(Beginning of GIVEN MATERIAL)
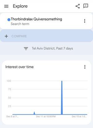 Como prueba, esta semana también hubo un gran aumento en el número de búsquedas en Tel Aviv del término "Thorbindralax Quivensomething" (). El único problema: es un término sin sentido que acabo de inventarme y que no da ningún resultado de búsqueda en Google.
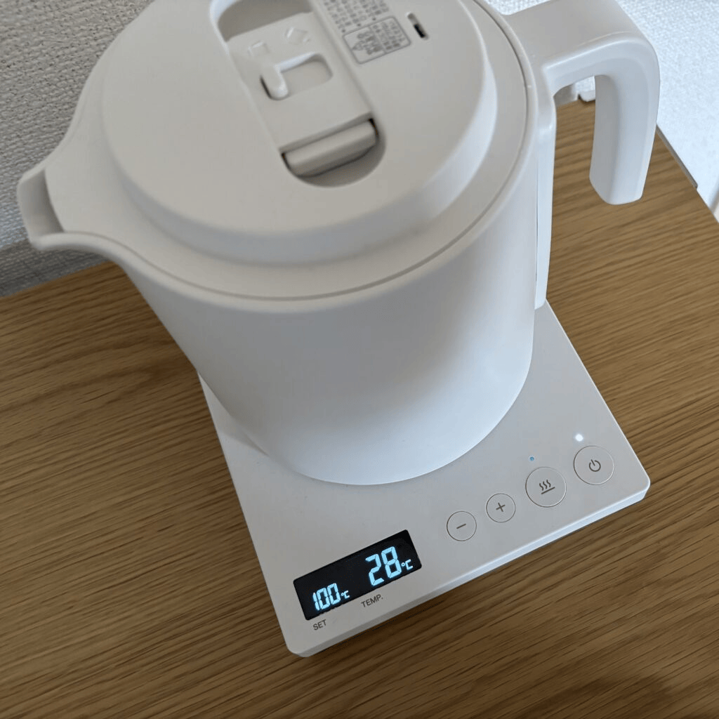 「おすすめのポイントは、5℃単位で温度設定が出来る温度調節ができるところでしょうか。低い温度だと40℃、最高で100℃、飲み物や料理に合わせてお好みの温度に設定してお湯を沸かせます!徐々に冷めてしまっても、その時の温度が表示されるので地味に嬉しい。
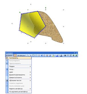 Объединение (или группировка) автофигур - это последний этап создания рисунка, состоящего из нескольких автофигур. Сначала следует изобразить отдельные детали рисунка в виде автофигур. Затем произвести их наложение и объединение в группу. Группу автофигур можно обрабатывать как единое целое, т.е. как обычный графический объект. Особенно это удобно, если требуется изменить размеры, или переместить или скопировать весь рисунок сразу
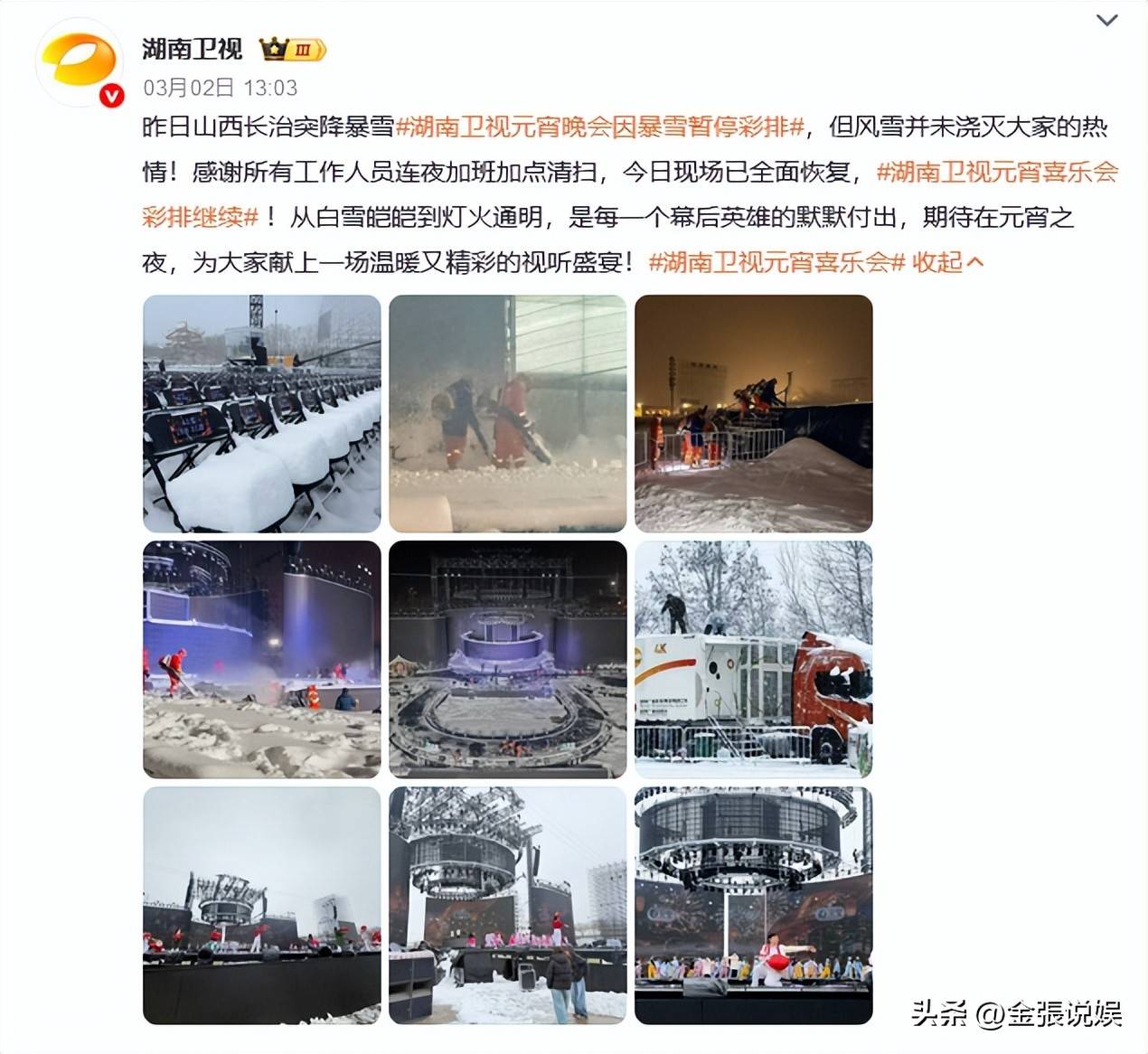 湖南卫视的户外晚会向来以场景壮观著称,但这一次,暴雪和低温把这场精心策划的演出搞得手忙脚乱。
(End of GIVEN MATERIAL)
» **TASK PROMPT**:
Without the pictures, print the whole listing exactly as given.

» **EXERCISE RESPONSE**:
 Como prueba, esta semana también hubo un gran aumento en el número de búsquedas en Tel Aviv del término "Thorbindralax Quivensomething" (). El único problema: es un término sin sentido que acabo de inventarme y que no da ningún resultado de búsqueda en Google.
 「おすすめのポイントは、5℃単位で温度設定が出来る温度調節ができるところでしょうか。低い温度だと40℃、最高で100℃、飲み物や料理に合わせてお好みの温度に設定してお湯を沸かせます!徐々に冷めてしまっても、その時の温度が表示されるので地味に嬉しい。
 Объединение (или группировка) автофигур - это последний этап создания рисунка, состоящего из нескольких автофигур. Сначала следует изобразить отдельные детали рисунка в виде автофигур. Затем произвести их наложение и объединение в группу. Группу автофигур можно обрабатывать как единое целое, т.е. как обычный графический объект. Особенно это удобно, если требуется изменить размеры, или переместить или скопировать весь рисунок сразу
 湖南卫视的户外晚会向来以场景壮观著称,但这一次,暴雪和低温把这场精心策划的演出搞得手忙脚乱。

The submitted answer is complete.